A careful reading of the above shows that petitioner instructed his subordinates to "make
certain" that "all reasonable efforts" are exerted to locate the patient's next of kin, even
enumerating ways in which to ensure that notices of the death of the patient would reach
said relatives. It also clearly stated that permission or authorization to retrieve and remove
the internal organs of the deceased was being given ONLY IF the provisions of the
applicable law had been complied with. Such instructions reveal that petitioner acted
prudently by directing his subordinates to exhaust all reasonable means of locating the
relatives of the deceased. He could not have made his directives any clearer. He even
specifically mentioned that permission is only being granted IF the Department of Surgery
has complied with all the requirements of the law.

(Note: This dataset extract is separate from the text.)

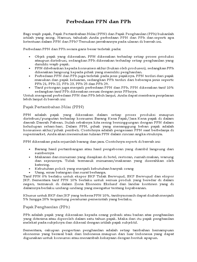 Perbedaan Ppn Dan Pph

The only question that remains pertains to the sufficiency of time allowed for notices to
reach the relatives of the deceased.

If respondent failed to immediately receive notice of her son's death because the notices
did not properly state the name or identity of the deceased, fault cannot be laid at
petitioner's door.

The NKI could not have obtained the information about his name from the patient,
because as found by the lower courts, the deceased was already unconscious by the time
he was brought to the NKI.

Lastly, respondents failed to present any expert witness to prove that given the medical
technology and knowledge at that time in the 1980's, the doctors could or should have
waited longer before harvesting the internal organs for transplantation.